The Tales of the Genii | |
Author: | "Sir Charles Morell" (James Ridley) |
Country: | United Kingdom |
Language: | English |
Genre: | Fantasy |
Release Date: | 1764 |
Media Type: | Print (hardcover) |
Pages: | 2 vols. |
The Tales of the Genii: or, the Delightful Lessons of Horam, The Son of Asmar is a collection by the English author James Ridley, consisting of Oriental pastiche fantasy tales modeled on those of the Arabian Nights. The work was originally passed off as an authentic work by a Persian imam named Horam translated into English by "Sir Charles Morell, formerly ambassador from the British Settlements in India to the Great Mogul" and published by an anonymous "editor." It is the work for which Ridley is chiefly remembered.[1]
The work was first issued in shilling parts, with the full work published in two volumes in London in 1764. Further editions appeared in 1780, 1794, 1800, 1805, 1814, 1849, and 1861, the last two selected, revised, "purified and remodelled" by Archbishop Whately "with a view of developing a religious moral." Whately's reworking has been judged "far inferior." The book was translated into German in 1765-66, and French in 1766.[1]
The book consists of a dedicatory statement and an introductory note, both by an anonymous editor, a fictitious biography of its supposed author by the supposed translator, and the nine tales of the work itself, most of them subdivided into several parts. The editor, author and translator are all fictitious personae of the actual author.
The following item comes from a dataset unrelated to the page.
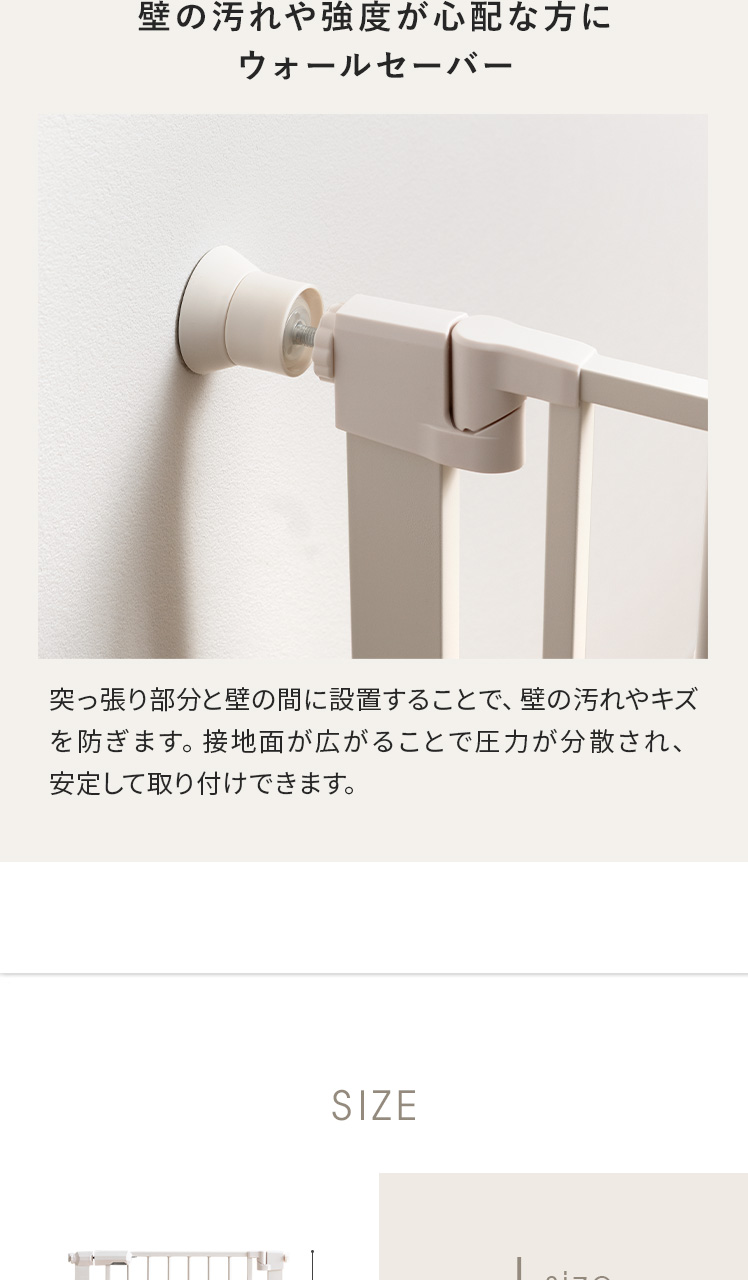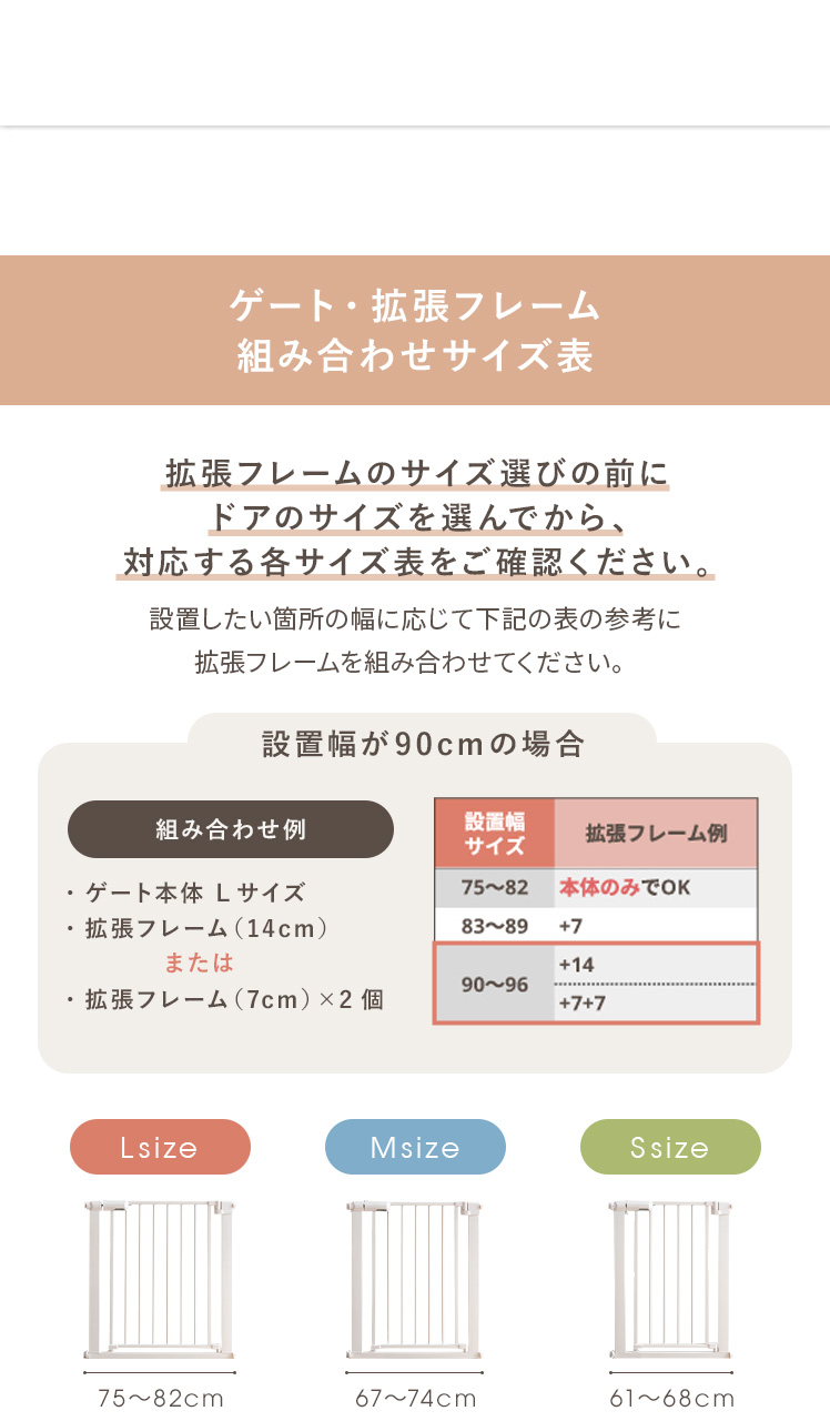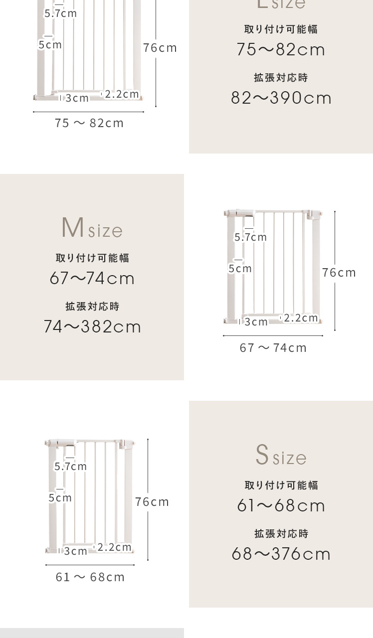 | ベビーゲート本体(サイズ) | S/約幅61〜68×高さ76cm M/約幅67〜74×高さ76cm L/約幅75〜82×高さ76cm |
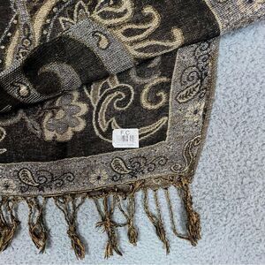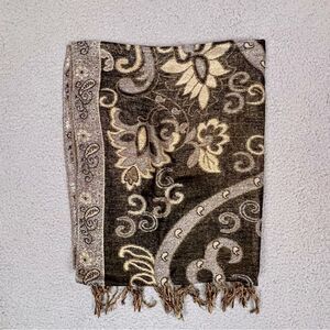 Pre-owned Women’s brown and gold glitter scarf unk material but not silk no holes or stains good condition. Approximately 27”x60”. Very soft material

In own time and after, Ridley's book was popular, and was compared to Samuel Johnson's Rasselas. Thomas Seccombe calls "the stories ... good in themselves; they are interspersed with some satire upon the professions of so-called Christians; and, for the rest, are skilfully modelled upon the 'Arabian Nights'."[1]
John Beer, in the introduction to the 1975 Everyman edition of Samuel Taylor Coleridge's Poems (p. vi), notes the influence of several of Ridley's tales on Kubla Khan.
John Martin's painting Sadak in Search of the Waters of Oblivion (1812) is based on the eighth tale.[2]
Seccombe notes of Ridley's tales that "[t]heir popularity among children outlasted the eighteenth century," as attested by Misnar, a juvenile play written by Charles Dickens based on the sixth tale about 1822.[1]
As late as 1970 editor Lin Carter included the first tale in his pioneering anthology of classic fantasy Golden Cities, Far, twenty-second volume in the Ballantine Adult Fantasy series.